While that day did much to expose the surreal vision of modern Everest…. -Friday, May 26, 2006

Durran Alexander calls the last year in his brother’s life “surreal.” -Sunday, May 14, 2006

The word surreal has been so over-used (and, I would argue, mis-used) that it now heads the Lake Superior State University’s 2006 List of Banished Words.

In the 1920’s, French poet André Breton defined the term surrealism:

Pure psychic automatism, by which one proposes to express, either verbally, or in writing, or by any other manner, the real functioning of thought. Dictation of thought in the absence of all control exercised by reason, outside of all aesthetic and moral preoccupation.

Surreal is not a synonym for unusual, surprising, bizarre, or hectic, which are more appropriate words for each of the four scenarios described above. It doesn’t mean “unreal.” It doesn’t mean “horrific.” It certainly doesn’t mean “a bunch of washed up non-celebrities on a TV reality show.Surreal describes the manifestation of the subconscious in an attempt to create new associations that expose psychological truth.
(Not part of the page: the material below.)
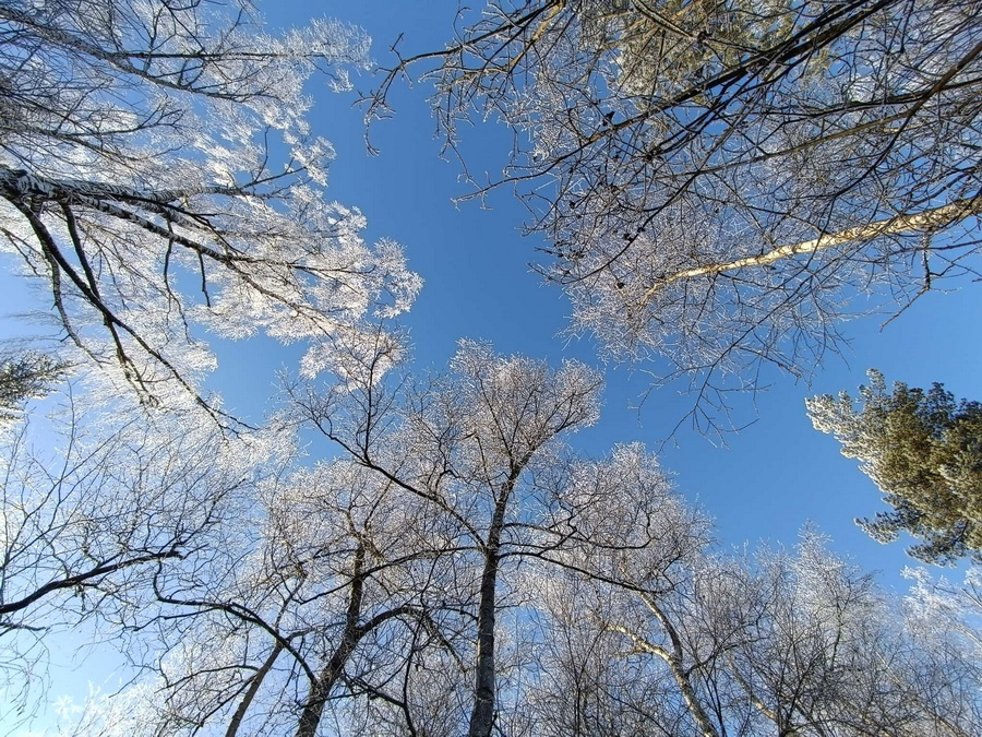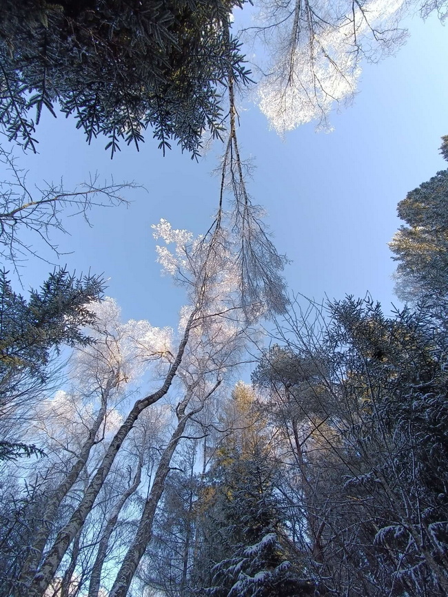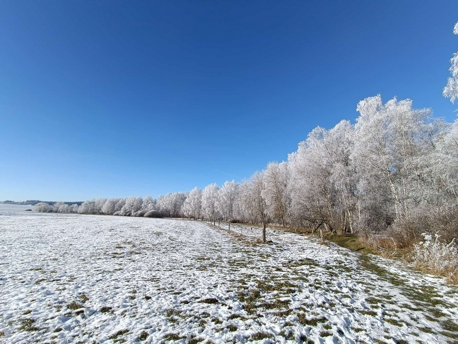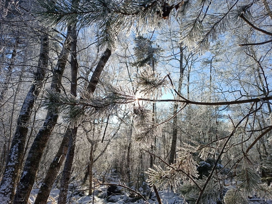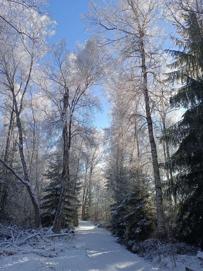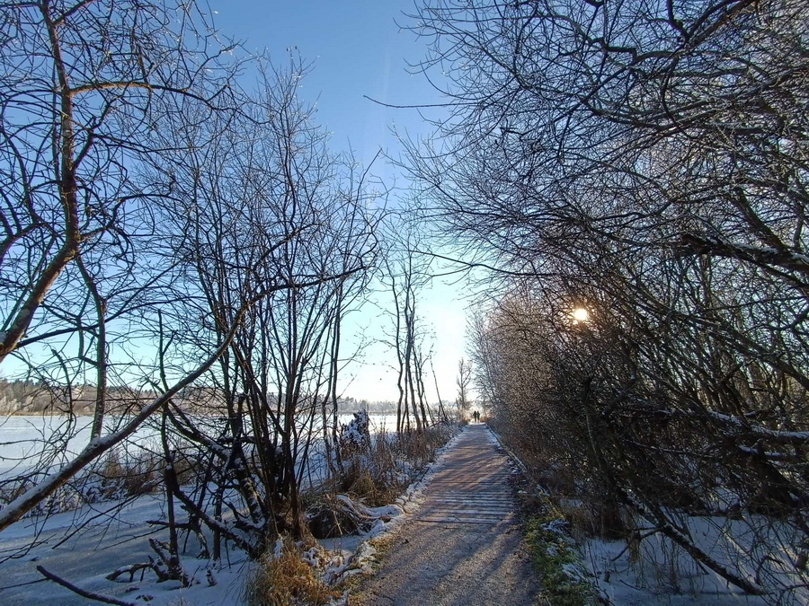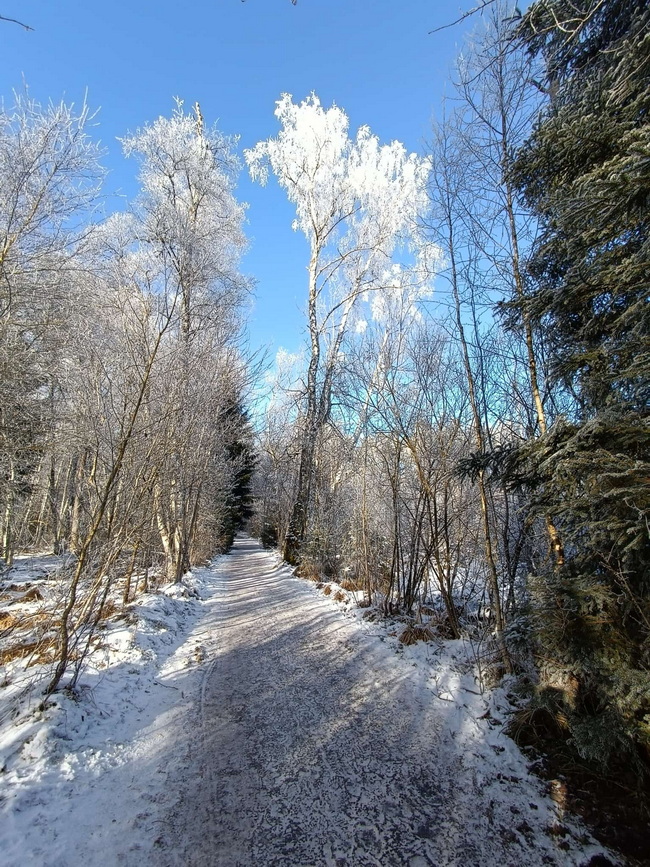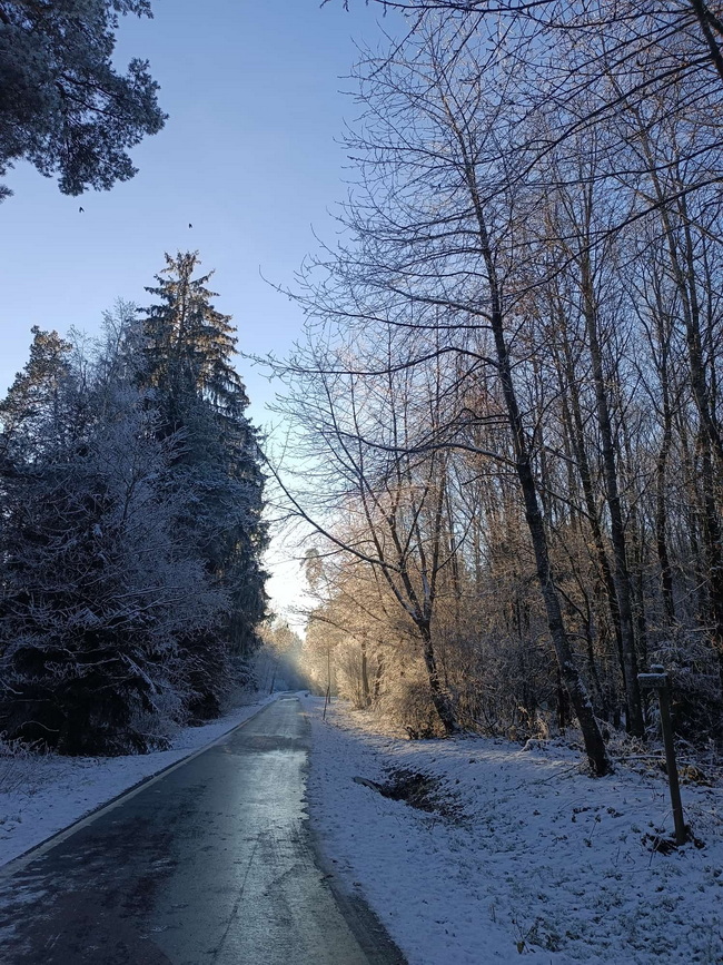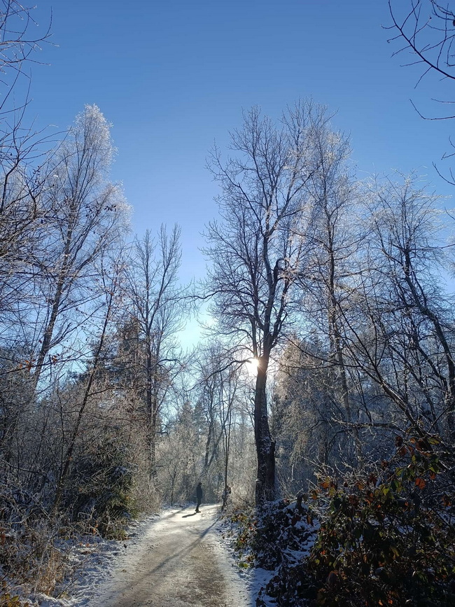 Sie sagt "um diese traumhafte Winterlandschaft genießen zu können, musste ich 70 km fahren."

Read “What is Surrealism?” by Breton for more information, and unless you can understand it, stop using the word.

Also, it’s been so long since I posted an old graduate school essay so read my “The Surrealists’ Cinematic Contemplation and Aesthetic,” in which I try to explain why the Surrealists never made a lot of movies.

Finally, here’s the most famous film made by a Surrealist, Un chien andalou. I think you’ll see that eating a Pop-Tart while giving blood doesn’t exactly match up. Now, maybe if you gave blood from your eye….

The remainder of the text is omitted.